@ShahidNShah
In a care setting, it is often seen that innovations are quickly diffused and adopted in specific units, but a widespread adoption has always been a challenge. It thus becomes imperative to select a leadership style that supports innovation. An article from the SAGE journal discusses about ‘Distributed leadership’ and the ‘Hierarchical leadership’ style.
For a successful adoption of innovation, it is the former than the latter that is essential. When it comes to health innovation implementation there are three major players , ‘Specialist Practitioners/Consultants’, ‘Allied Care Staff’ and the ‘Managerial’ teams. If a group lacks experience and needs guidance the ‘Hierarchical’ structure works, but when it comes healthcare, it’s more about expertise and knowledge that matters and hence practitioners tend to be the most influential leaders in this case. It is thus important in healthcare to adopt a ‘Shared’ or ‘Distributed’ style of leadership.

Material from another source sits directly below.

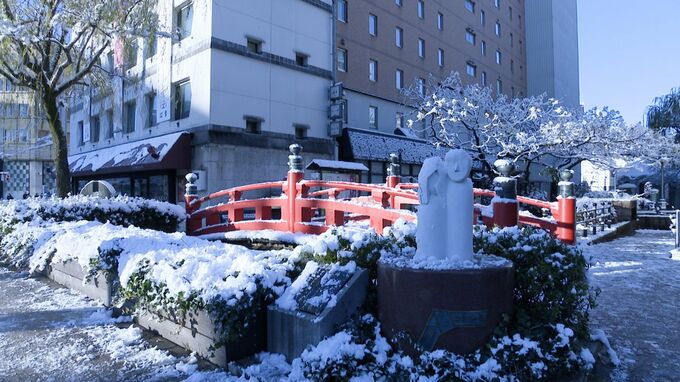 「高知市のはりまや橋も積もった雪が凍っています。油断すると足がつるっと滑ってしまうくらいです」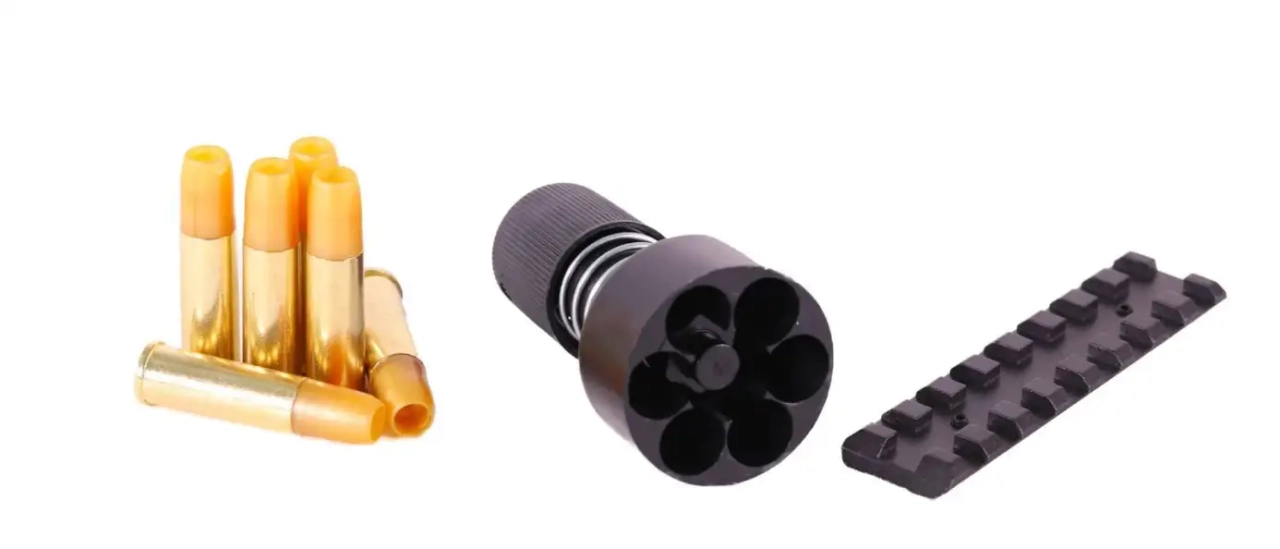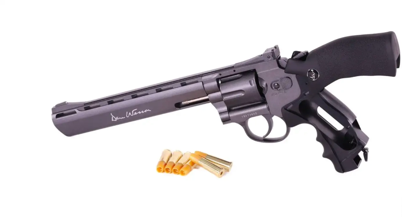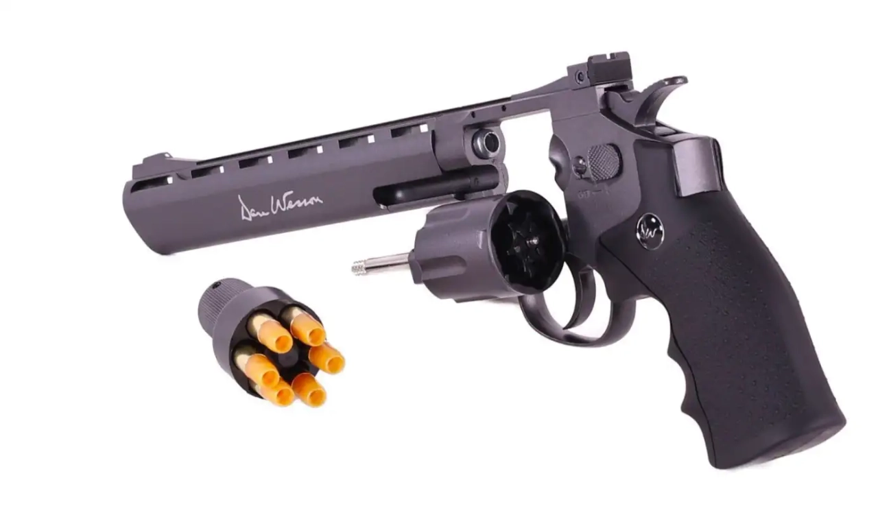 Réplique de revolver Dan Wesson par ASG. Modèle full métal avec canon de 8" fonctionnant avec une sparklette de CO2 avec son speedloader et un petit rail.

The Shared leadership involves interactions among all levels of leaders (doctors, nurses, managers etc.) that have a role to play in influencing the diffusion and adoption of an innovation at the facility to ultimately get their jobs done. In ‘Hierarchical leadership’, managers are often given an outsized role than practitioners and other stakeholders. This is not bad and this is how it is represented as per Charlie Munger’s ‘Authority- Misinfluence Tendency’. There are cases in the top-down approach, people blindly follow their leader’s vision and may turn up successful. To the flip side if the leadership is poor, with a weak mission and mission and if a leader makes blunders in communicating it to their people, things may end up worse off.